On Thu, 5 Sep 2019 16:43:23 -0400
Alyssa Rosenzweig <alyssa at rosenzweig.io> wrote:

> > +bool
> > +panfrost_bo_wait(struct panfrost_bo *bo, int64_t timeout_ns)
> > +{
> > +        struct drm_panfrost_wait_bo req = {
> > +                .handle = bo->gem_handle,
> > +		.timeout_ns = timeout_ns,
> > +        };
> > +        int ret;
> > +
> > +        ret = drmIoctl(bo->screen->fd, DRM_IOCTL_PANFROST_WAIT_BO, &req);
> > +        if (ret != -1)
> > +                return true;
> > +
> > +        assert(errno == ETIMEDOUT || errno == EBUSY);
> > +        return false;
> > +}  
> 
> I would appreciate a comment explaining what the return value of this
> ioctl is. `ret != -1` and asserting an errno is... suspicious? Not
> wrong, to my knowledge, but hard to decipher without context.

Will document that.

> 
> > +        /* Before creating a BO, we first want to check the cache but without
> > +         * waiting for BO readiness (BOs in the cache can still be referenced
> > +         * by jobs that are not finished yet).
> > +         * If the cached allocation fails we fall back on fresh BO allocation,
> > +         * and if that fails too, we try one more time to allocate from the
> > +         * cache, but this time we accept to wait.
> >           */  
> 
> Conceptually:
> 
> We first try a ready BO from the cache. OK.
> 
> If that fails, there is no BO in the cache that is currently ready for
> use; by definition of BO readiness, this is because another concurrent
> job is using it. We then try to create a new BO. Suppose a given job
> uses an average of `b` BOs. Then for `j` concurrent jobs, assuming all
> of these allocations succeed, we have `j * b` BOs in the cache. This is
> an unfortunate bump in memory usage but necessary for pipelining.
> 
> If that allocation fails, by definition of memory allocation failures,
> we ran out of memory and cannot proceed with the allocation. Either:
> 
>  - The BO cache is responsible for this. In this case, continuing to use
>    the BO cache (even with the waits) will just dig us deeper into the
>    hole. Perhaps we should call bo_evict_all from userspace to handle
>    the memory pressure? Or does madvise render this irrelevant?

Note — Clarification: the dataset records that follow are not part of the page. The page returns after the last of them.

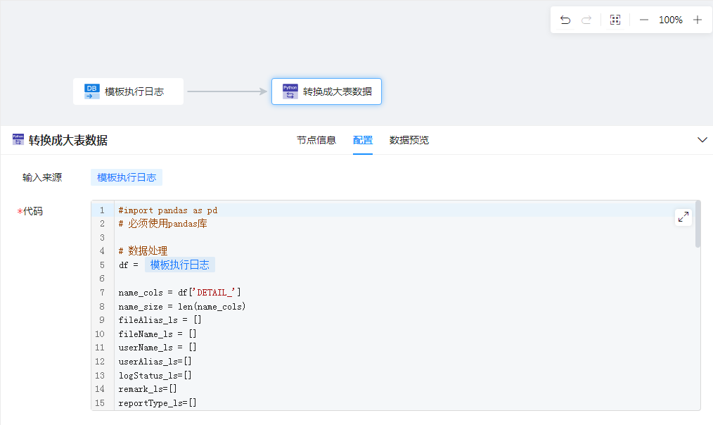 【Python】节点主要使用Python脚本对于一些复杂的数据进行处理,与 SparkSQL 的区别,就类似数据库中 SQL 和存储过程的关系,【Python】节点主要处理比如面向过程和逻辑性的业务。
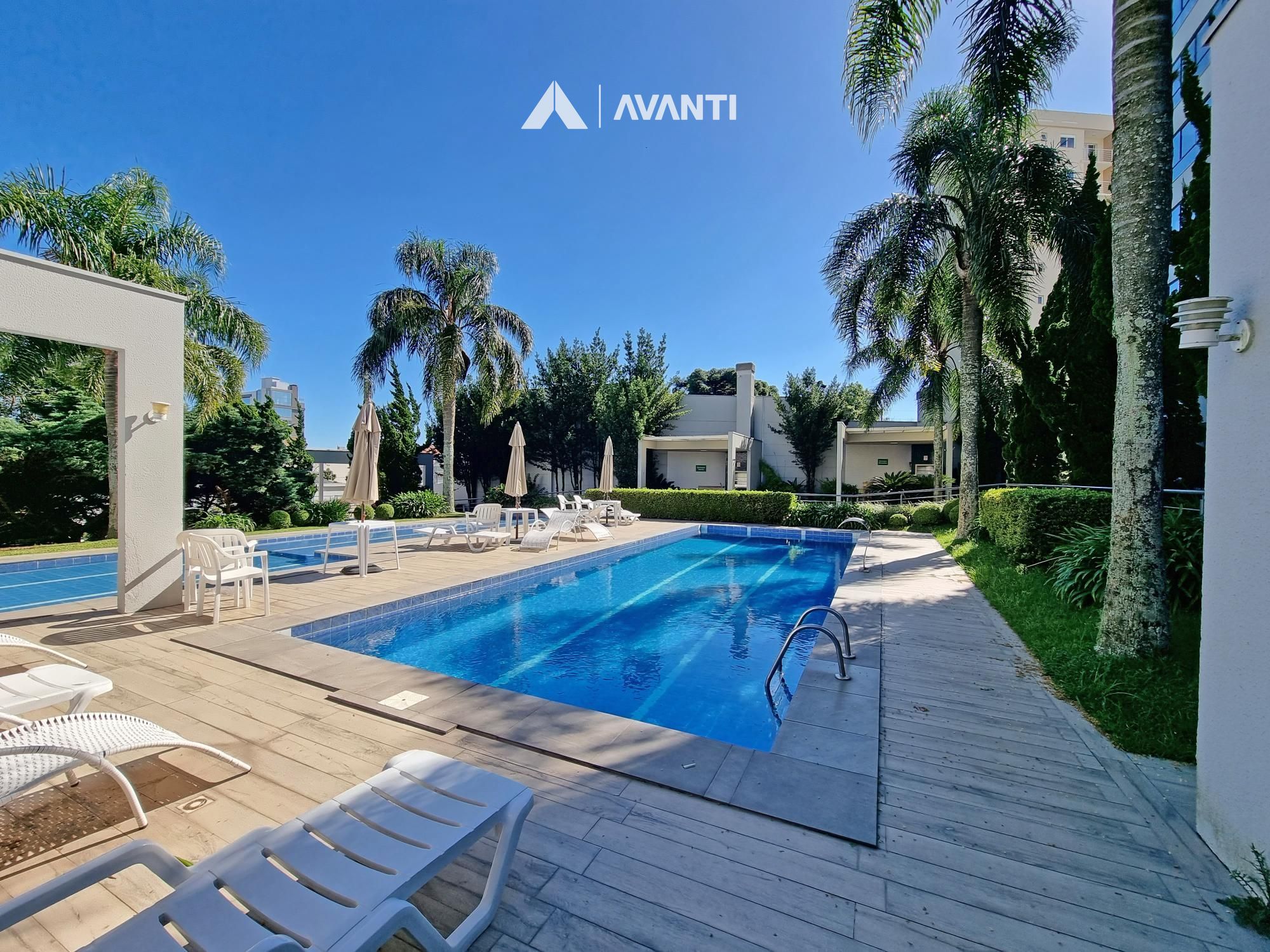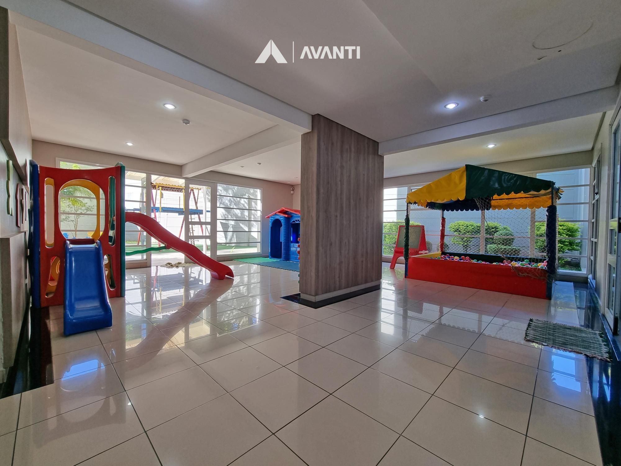 Condomínio com segurança 24 horas, jardim, 2 piscinas, academia, 2 salões de festas, espaço kids, sala de jogos e cinema.
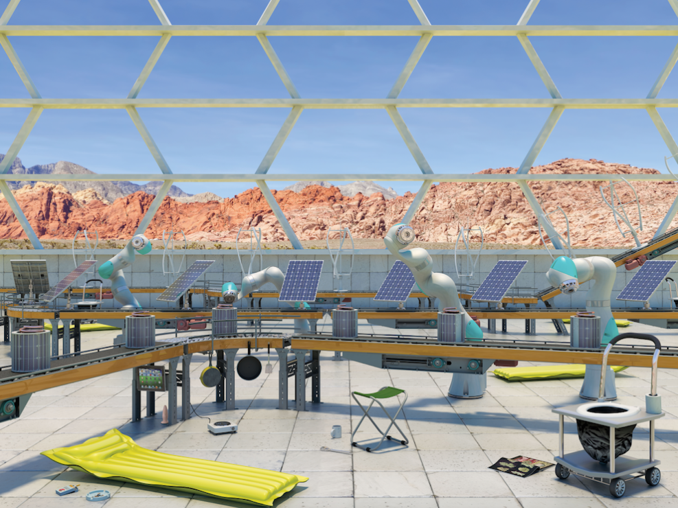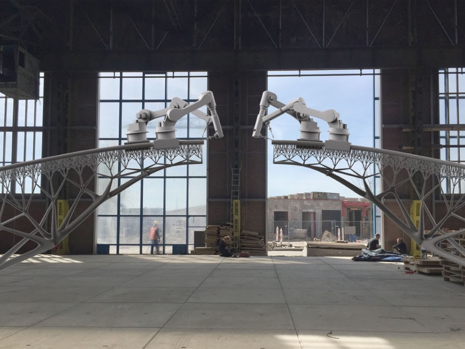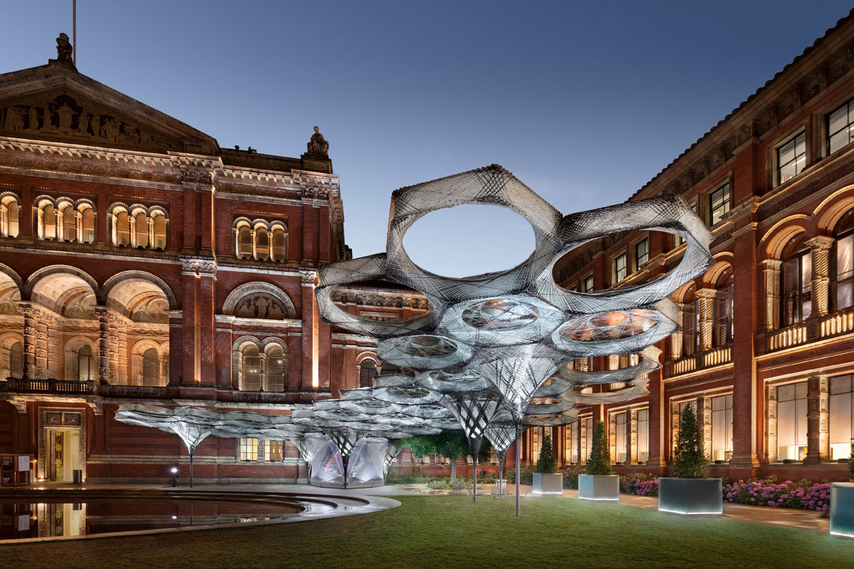 Экспозицию выставки дополняет биомеханический навес Elytra Filament Pavilion. Впечатляющая конструкция иллюстрирует то, как роботехнологии внедряются в архитектуру. Отдельные модули навеса были разработаны по компьютерному алгоритму, а затем изготовлены с помощью промышленного робота. Elytra Filament Pavilion возведен командой из Штутгартского университета при участии Ахима Менгеса и был впервые представлен в прошлом году в Музее Виктории и Альберта в Лондоне.

Evict won't help here as memory will only be released after the jobs
are done using it. And madvise doesn't help either, for the same reason.

> 
>  - The BO cache is not responsible for this. In this case, we could
>    continue to use the BO cache, but then either:
> 
>    	- There is a BO we can wait for. Then waiting is okay.
> 	- There is not. Then that cache fetch fails and we kerplutz.
> 	  What now? If we need an allocation, cache or no cache, if the
> 	  kernel says no, no means no. What then?

The behavior hasn't changed regarding allocation failures: it's still
an assert(), so the code is not more or less buggy than it was :p. What
happens when assert()s are disabled? probably a segfault because of a
NULL pointer dereference. So, adding the fprintf() is probably a good
idea as a first step, and then we can see if we can handle the OOM case
gracefully.

> 
> In short, I'm not convinced this algorithm (specifically the last step)
> is ideal.

It really depends on how robust you want to be when the system is under
memory pressure vs how long you accept to wait. Note that, in the worst
case scenario we wouldn't wait more than we currently do, as having each
batch wait on BOs of the previous batch is just like the serialization
we had in panfrost_flush(). I don't see it as a huge problem, but maybe
I'm wrong.

> 
> If there is no memory left for us, is it responsible to continue at all?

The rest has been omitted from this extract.